Дункан Маккензи занял место Лукаса по левую руку от Адрианы, а самого Лукаса изгнали за стол пониже рангом, откуда он то и дело бросает взгляды, полные неприкрытой ненависти. Адриана смотрит ему в глаза: «Это не твое дело».
— Дни рождения — подходящий предлог, чтобы заглянуть в будущее.
— Не в моем возрасте.
— Подыграйте мне. Где мы окажемся через пять лет?
— В этом зале, будем праздновать.
— Или на вершине Байрру-Алту, продавать мочу, рыскать в поисках еды и воды и драться за каждый вдох. Луна меняется. Это уже не тот мир, каким он был, когда вы сражались с моим отцом. Если сейчас мы начнем драться, то оба проиграем. — Дункан Маккензи говорит по частному каналу, безмолвно, и Эсперанса передает его слова Йеманже.
Адриана отвечает так же беззвучно:
— У меня нет желания снова затевать корпоративную войну.
— Но мы к ней идем. Драка в Бэйкоу была только началом. Уже есть проблемы в окрестностях Святой Екатерины и в Порту Дождей. Кого-то убьют. Мы поймали кое-кого из ваших поверхностников в Торричелли за попыткой саботировать ровер «Маккензи Металз».
— Что вы с ним сделали?
— Мы пока что удерживаем ее. Придется заплатить, но это лучше, чем то, чего добивался Хэдли, — конкретно вышвырнуть ее из шлюза.
— Мой внук Робсон на удивление хорошо владеет ножом. Знаешь, у кого он научился? У Хэдли. Он там. Видишь, он показывает Джейдену Вэнь Суню карточный фокус? Он этим занимается постоянно с той поры, как спасся из «Горнила». Если кто-то его тронул…
— Заверяю вас, никто. Но вы вернули своего внука. Моя дочь мертва.
— Мы к этому не имеем отношения.
Беззвучный разговор делается все более пылким, выдает себя сжатыми челюстями, напряженными глотками, движением губ. Ариэль глядит на них со своего места напротив за круглым столом. Адриана знает, что ее дочь талантлива в чтении по губам. В зале суда это умение полезно.
— Кто получит выгоду, если мы сразимся?
— Когда дерутся Драконы, жарко всем, — говорит Адриана. Это поговорка Суней — недавняя, лунная.

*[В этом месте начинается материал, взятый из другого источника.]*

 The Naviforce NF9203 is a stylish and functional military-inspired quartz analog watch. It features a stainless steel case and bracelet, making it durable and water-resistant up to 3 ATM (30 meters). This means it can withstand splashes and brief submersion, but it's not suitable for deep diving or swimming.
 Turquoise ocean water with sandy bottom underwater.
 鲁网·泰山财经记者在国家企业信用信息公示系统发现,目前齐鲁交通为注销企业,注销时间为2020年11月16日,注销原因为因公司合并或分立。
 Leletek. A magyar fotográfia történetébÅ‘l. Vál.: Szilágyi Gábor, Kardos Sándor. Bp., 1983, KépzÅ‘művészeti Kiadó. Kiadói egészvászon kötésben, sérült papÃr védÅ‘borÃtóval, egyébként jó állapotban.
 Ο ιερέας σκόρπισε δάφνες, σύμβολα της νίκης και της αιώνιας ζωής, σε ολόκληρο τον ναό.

— Я придержу своих людей, если вы сделаете то же самое со своими.
— Договорились.
— Это касается и членов семьи.
Адриана гневно поджимает губы от такого намека. Рафа унаследовал свой горячий нрав от матери, но у нее есть самоконтроль, выработанный за десятилетия корпоративных войн и сражений в залах правления, стычек с инвесторами и правовых потасовок, о которых ему так и не пришлось ничего узнать. Гнев — одна из его многочисленных привилегий.
— Рафа — бу-хвэджан.
— Я не прошу его понижать в должности. Мне такое и в голову не пришло. Я лишь предполагаю, что он мог бы разделить свои обязанности.
— С кем?
— С Лукасом.
— Ты слишком хорошо знаешь мою семью, — замечает Адриана.
— Мы не пытались убить Рафу, — громко говорит Дункан.

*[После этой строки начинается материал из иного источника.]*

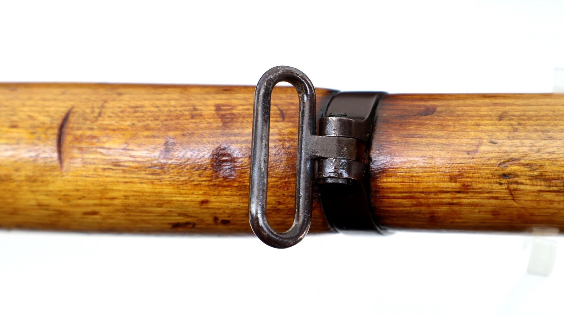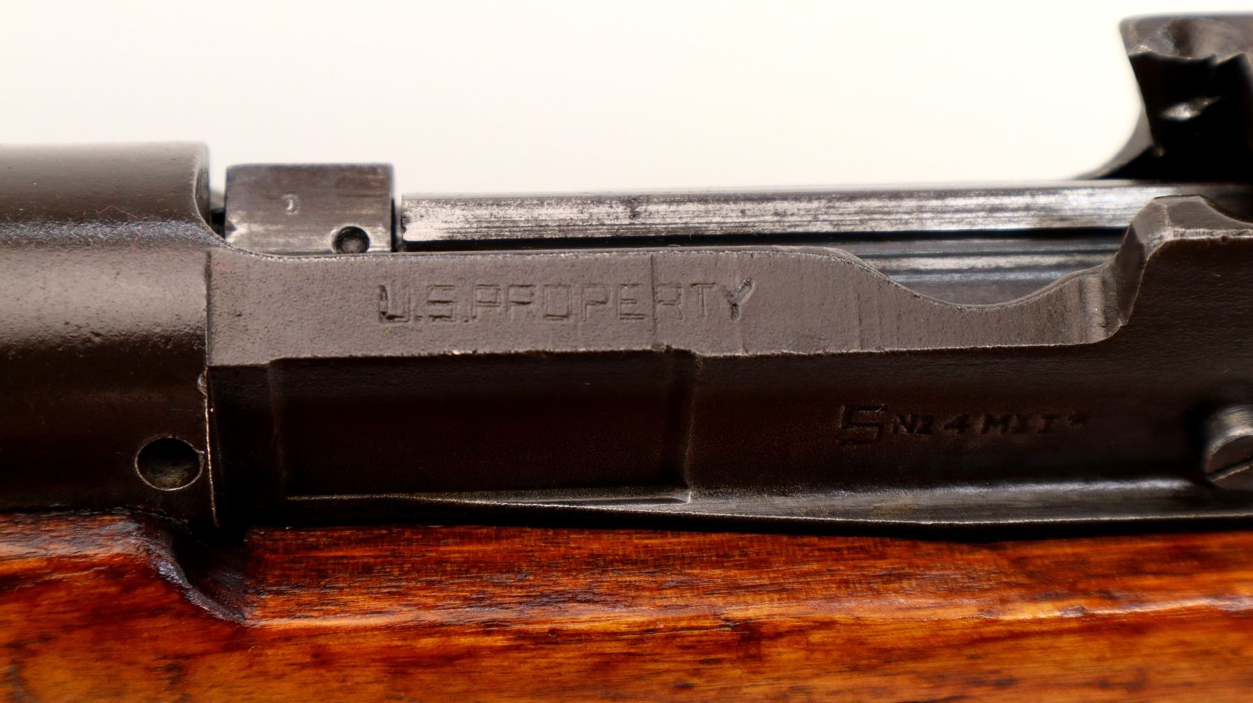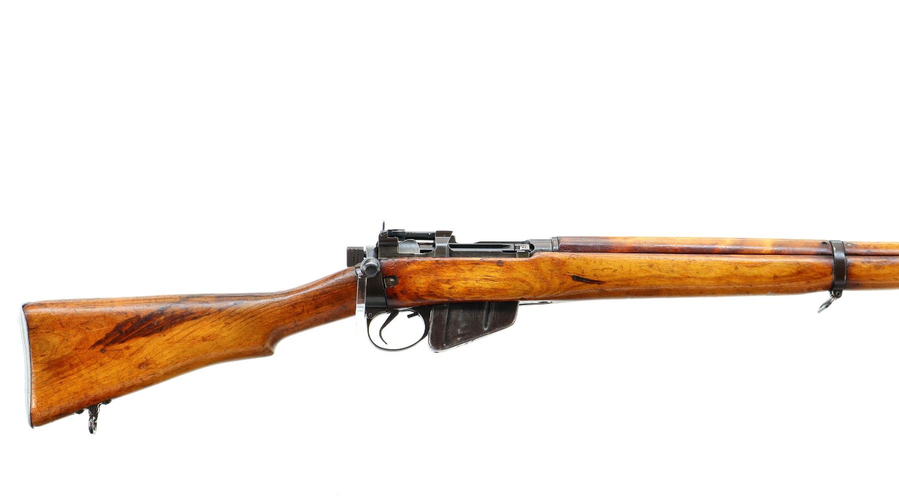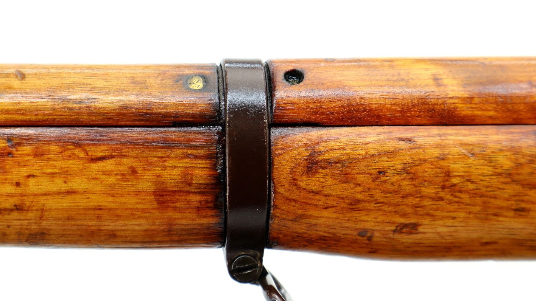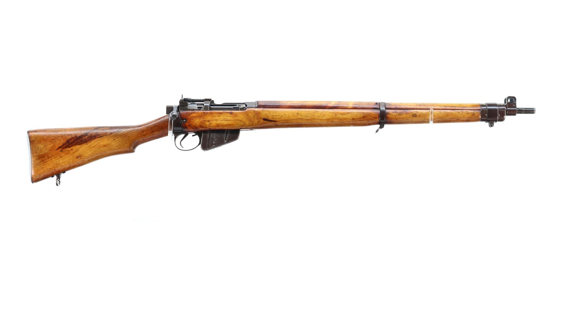 Main Description: Manufactured by Savage, bolt and forend match magazine does not. Blade front sight with ears and ramp, adjustable stamped rear peep sight, receiver marked US Property. Four piece full military wood stocks, forearm has Ishapore screw, pistol grip, smooth grey alloy butt plate with trap, sling swivels, bayonet lug.
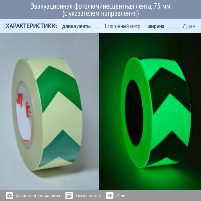 Эвакуационная фотолюминесцентная лента, 75 мм (с указателем направления) в Верее купить

— Мы не убивали Рэйчел, — отвечает Адриана. Теперь на них смотрят. — Прошу прощения, Дункан. Я все передам. Теперь мне полагается произнести речь. — Она стучит по коктейльному бокалу палочкой для еды, и чистый звон вынуждает всех гостей в зале притихнуть. Адриана Корта встает из-за стола.

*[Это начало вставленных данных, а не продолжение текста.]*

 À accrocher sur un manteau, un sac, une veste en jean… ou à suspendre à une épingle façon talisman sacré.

— Мои дорогие гости — друзья, коллеги, соратники, родные. Сегодня мне исполняется восемьдесят лет. Восемьдесят лет назад я родилась в Барра-ди-Тиджука в Бразилии, в другом мире. Из них пятьдесят лет, больше половины жизни, я прожила здесь. Я пришла сюда в числе первопоселенцев, я видела, как росли два поколения; мои дети и мои внуки, и теперь, похоже, я могу называть себя Матерью-Основательницей. Луна во многих смыслах меня изменила. Она изменила мое тело, так что я никогда не смогу вернуться в мир, из которого пришла. Для вас, представителей более молодых поколений, это странная идея. Вы не знали иного мира, кроме этого, и, хотя я говорю о переменах во мне, которые вызвала Луна, они не идут ни в какое сравнение с тем, что я вижу в вас. Какие вы высокие! Какие элегантные! Что до моих внуков, ох, мне понадобятся крылья, чтобы взлететь повыше и поцеловать вас. Луна изменила мою жизнь. Девочка из Барры, Отринья, Простушка, сделалась главой могущественной корпорации. Когда я поднимаюсь в купол-обсерваторию и невооруженным взглядом гляжу на Землю, я вижу паутину из огней, протянутую сквозь земную ночь, и думаю: «Я зажигаю эти огни». Вот еще одна вещь, которую Луна меняет в людях: скромность не приносит никакой прибыли.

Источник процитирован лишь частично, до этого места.